The across-the-board cuts would whack $3.1 million in funding from drug courts where offenders are directed into supervised treatment programs, enabling defendants to continue working and caring for their children, instead of being put behind bars. These courts are designed to not only rehabilitate lives wrecked by drugs but also to stop the repeat offender, a strategy that saves taxpayers millions in prison and law enforcement costs.

The Governor’s continued failure to deal with the huge numbers of people being incarcerated for drugs in a comprehensive way has contributed to our spending problems.

While the Governor recommends cuts, he pays scant attention to raising revenue, a point cited by the non-partisan Legislative Analyst’s Office. I agree with the LAO. We have to look at ways to legitimately raise revenue, including examining the $17 billion in antiquated tax giveaways to special interests.

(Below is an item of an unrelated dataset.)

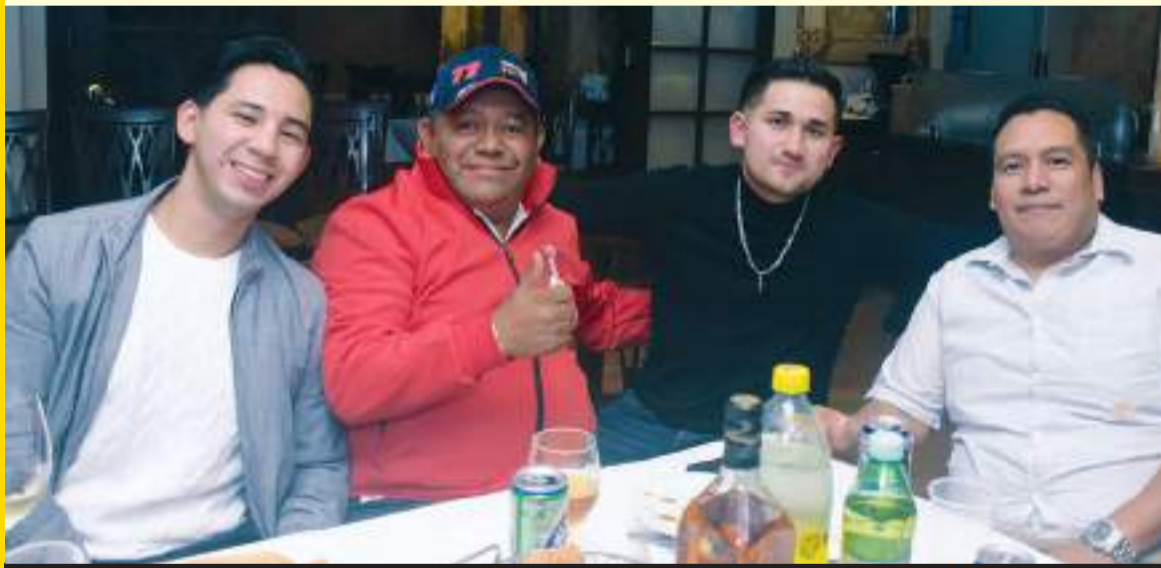
Al final del elegante brindis, los abrazos y los buenos deseos fueron muy expresivos entre las asistentes.

Let’s look at a few of these tax dodges:

• The state loses $50 million a year because the rich do not have to pay sales tax when they buy a luxury yacht.

• Every oil-producing state levies an oil severance tax on petroleum companies pumping oil out of their ground except California -- a policy that costs us at least $400 million annually in lost revenue.

• Non-residential property owners escape $4 billion or more in taxes because their properties are not re-assessed as often as residential properties.

If the Governor demands our children, the disabled, and the poor to make sacrifices, then he ought to make the same demand on those who profit from loopholes in the tax system.

We cannot continue to balance the budget on the backs of our poorest and most fragile people. It is wrong; it is reprehensible.

But if the Governor and the Legislature work in unison and attack the root causes of the deficit, we can produce lasting solutions to ensure no other generation of California children will be put at risk again.

Assemblymember Jim Beall, Jr. (D-San Jose) is currently serving his first term in the California State Assembly. He represents the 24th Assembly District, which includes the cities of Campbell, Saratoga, and parts of Santa Clara, San Jose and Los Gatos. He is the Chair of the Assembly Human Services Committee and is dedicated to improving conditions for children, youth, families, and seniors.